Rota Casino Files Lawsuit Against Commission After License Terminated

CNMI developer says it has another 2 years to open facility

By Ferdie De La Torre 

SAIPAN, CNMI (Saipan Tribune, Oct. 14, 2016) – The owner and president of Rota Resort and Country Club filed yesterday a lawsuit against the Rota Casino Gaming Commission and its commissioners for allegedly deeming their conditional casino license expired on July 15, 2016, during a “special meeting” that was done allegedly in violation of the Open Government Act.

SNM Corp., owner of Rota Resort and Country Club, and SNM president and chair Hee Kyun Cho, are suing the Rota Casino Gaming Commission, commission chair Joaquin S. Manglona, commission vice chair Francisco S. Calvo, and commission commissioners Mateo A. Santos and John William King.

SNMI and Cho, through counsel Robert T. Torres, asked the Superior Court to prevent the enforcement of any actions of the Rota Casino Gaming Commission.

Torres requested the court to prevent the commission from holding any further meeting or taking any further action related to SNM, in violation of the Commonwealth Code.

Torres moved the court to declare that the commission’s special resolution as null and void.

Last Oct. 4, SNM received a copy of a resolution passed by the commission.

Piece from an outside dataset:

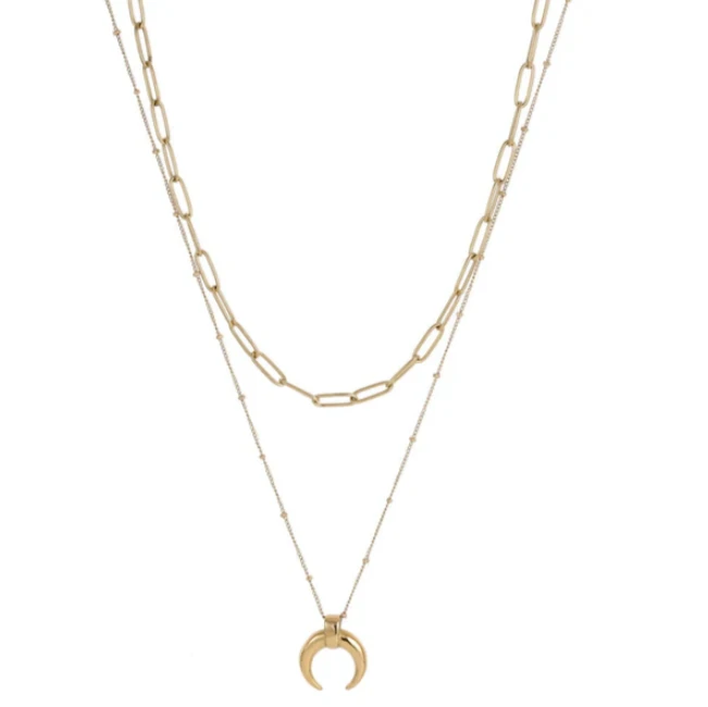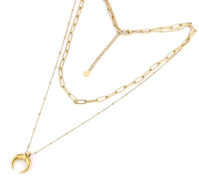 Náhrdelník pro ženy a dívky z chirurgické oceli. Povrch náhrdelníku je pozlacený technologií PVD. Náhrdelník s ozdobou srpku měsíce. Srpek měsíce má průměr 17mm. Slabí řetízek s přívěskem měsíce je dlouhý 53cm, kratší silnější řetízek je dlouhý 43cm. Délku náhrdelníku lze měnit +- 5cm. Zapínání náhrdelníku je karabinové.

The resolution states that, “since the issuance of the conditional license on July 15, 2011, more than five years ago, there is still no casino and there is no evidence that anything is being done on this casino project as proposed by the SNM Corp. in its business plan.”

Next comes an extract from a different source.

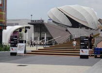 Im Gegensatz zu manchen Pavillonbauten ist man beim deutschen behutsam mit den verwendeten Baustoffen umgegangen, hat natürliche Lammellenlüftungen eingebaut und viel Holz verwendet. Das zentrale Gestaltungs-element sind expressive Membrandächer, die sowohl Schatten spenden als auch Energie erzeugen, dank Integration der erstmals eingesetzten wegweisenden organischen Photovoltaik-Technologie in den Solar Trees.

The resolution further states that “the proposed project has not served the interest of our community.”

The resolution also resolved that the commission has decided that the conditional casino license issued to SNM Corp. on July 15, 2011, expired on July 15, 2016.

Torres requested the court to declare that SNM’s license granted by the Commission Resolution 2011-2 was issued on the date of or subsequent to the date of full payment of the corresponding casino license fee (Sept. 25, 2013), and does not expire until at least either Sept. 25, 2018 or Oct. 2, 2018.

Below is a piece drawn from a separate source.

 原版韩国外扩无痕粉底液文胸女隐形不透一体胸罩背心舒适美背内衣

SNM made an initial casino license fee payment in the amount of $200,000 to the Rota municipal treasurer on June 9, 2013.

SNM also made a further casino license fee payment in the amount of $200,000 to the Rota municipal treasurer.

The lawyer said the commission violated the Open Government Act by failing, among other things, to provide Cho and SNM notice of the special meeting, failing to provide them with notice of the agenda of such meeting, failing to afford them an opportunity to submit data, views, or arguments in writing, on an agenda item of the special meeting.

Torres said the special resolution was enacted at a meeting that was not open to the public, and not held at a date fixed by law or statute.

Torres said the commission, through regulation, implemented a license fee scheme where a casino license for five years requires payment of a license fee of $400,000.

Torres asserted that the Commonwealth Code requires the commission to issue a casino license as of the date of payment of the license fee.